She is proposing that rescued nucleobase ribozymes bind the reactive phosphate through the same functional groups that normally engage in Watson-Crick base pairing in conventional RNA structures. In the context of the ribozyme active site, however, these interactions promote catalysis by stabilizing a highly energetic transition state in which five oxygen atoms are associated with one central phosphorous atom—a highly electronegative situation. A good way to stabilize this transition state would be to have a positive charge close by, a charge that might come from adding a proton to a nearby nuclotide. Data showing that rescue activity increases as reaction buffers are made increasingly acidic supports this idea, she says.

The way in which RNA functions as an enzyme is of even more interest now that the ribosome structure has been solved. The ribosome, a huge nucleoprotein complex, is the RNA machine that strings together amino acids to make proteins in cells, and its structure reveals that there are no proteins or metal ions in its active site. It is the RNA alone that performs the peptide bond formation.

"This is one of the most well-studied reactions on the planet, but we still don't know how the reaction is catalyzed," says Fedor.

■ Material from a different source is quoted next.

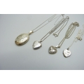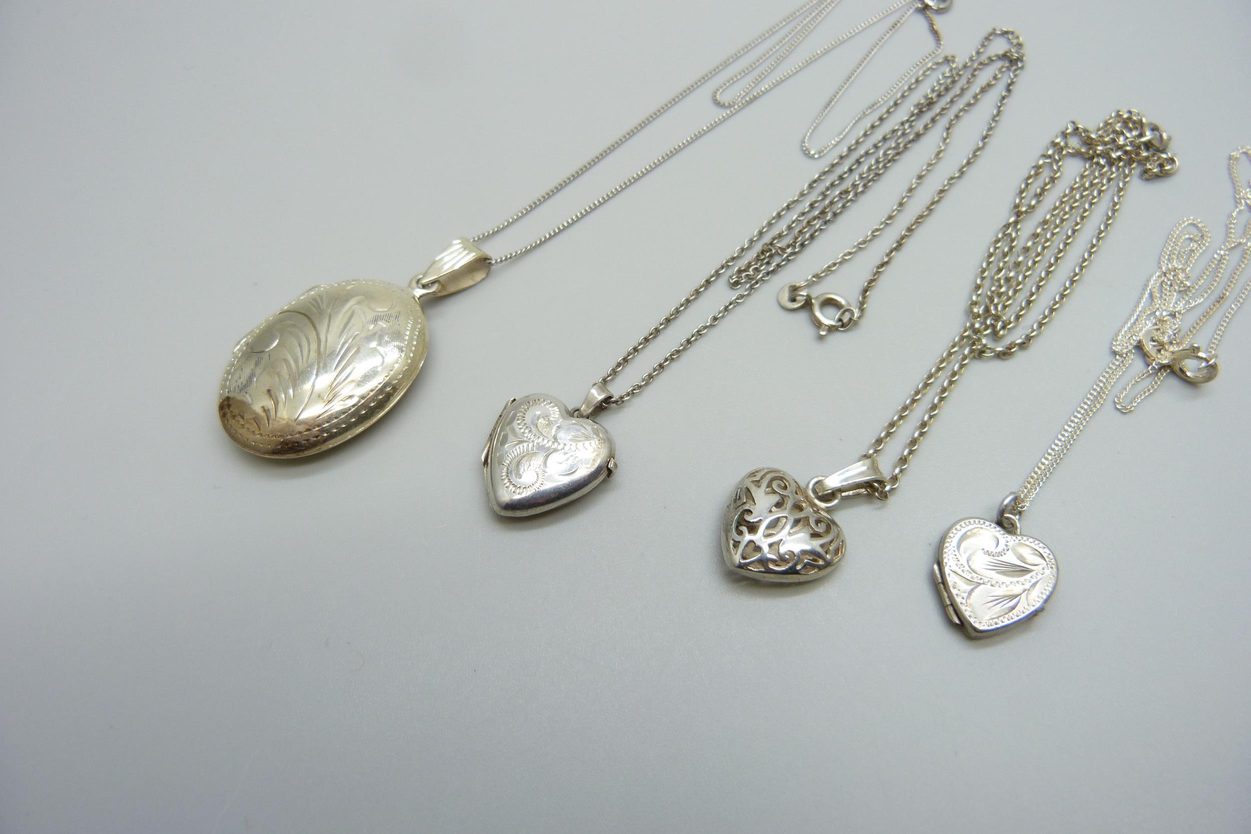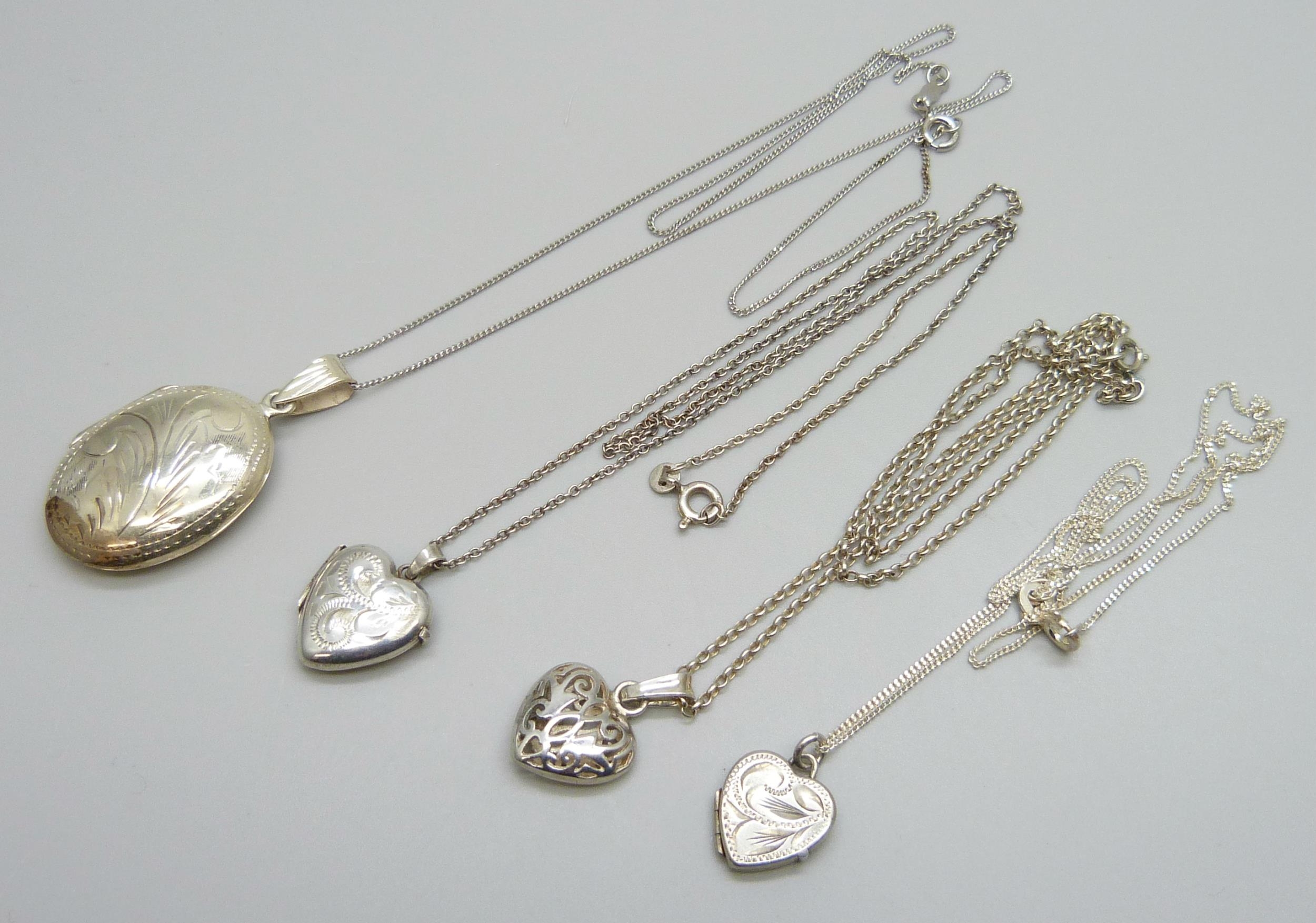 Three silver lockets and chains and a silver heart pendant and chain, 17g
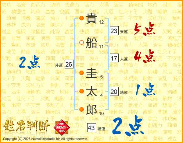 貴(12画)船(11画) 圭(6画)太(4画)郎(10画)

In Vivo Approaches and Therapy

The other half of Fedor's group uses the ribozyme as a model for RNA folding in Vivo. Using yeast as a model system, they look at ribozyme activity and ask how their experiments carried out in vitro will translate to living systems.

Interest in ribozyme activity in vivo has grown in the last few decades because of its potential for use in therapeutic applications to human diseases. There are many diseases that are associated with aberrant RNA expression that could be addressed by modifying RNA levels—from knocking out mRNAs expressed by cancerous oncogenes to getting rid of viral RNA inside infected cells.

"Ribozymes that recognize targets through complementary base pairing allow you to develop a therapeutic reagent without knowing anything about the structure or the function of your protein target—you just need to know the gene," says Fedor.

Fedor and her group have developed a way of measuring ribozyme cleavage of RNA targets in vivo, based on the intrinsic rate of RNA degradation. By correlating the rate at which the RNA disappears in the presence or absence of the ribozymes, they can determine the cleavage rate of the ribozymes.

"All RNAs turn over at a characteristic rate," says Fedor. "We use this as a clock."

This is important in the context of therapeutic RNA because the cleavage rate determines the potential efficacy of the RNA. Only if the cleavage rate is much greater than the intrinsic degradation rate will the RNA catalysis be worthwhile. If the cleavage rate is not much greater than the intrinsic degradation rate, then subjecting cells with it probably will not make a difference in the abundance of the target.

Inactivation of target RNA is most effective against a stable, slowly decaying RNA, such as a chronic viral infection like hepatitis where the RNA persists for a long time in cells.

On the other hand, the stability of the ribozyme structure is a factor as well, and Fedor has done experiments with the natural, long form of ribozyme to compare its stability to the short form.

"One of the things we've learned over the last few years that has made a big difference is that the natural form assembles in a four-way helical junction."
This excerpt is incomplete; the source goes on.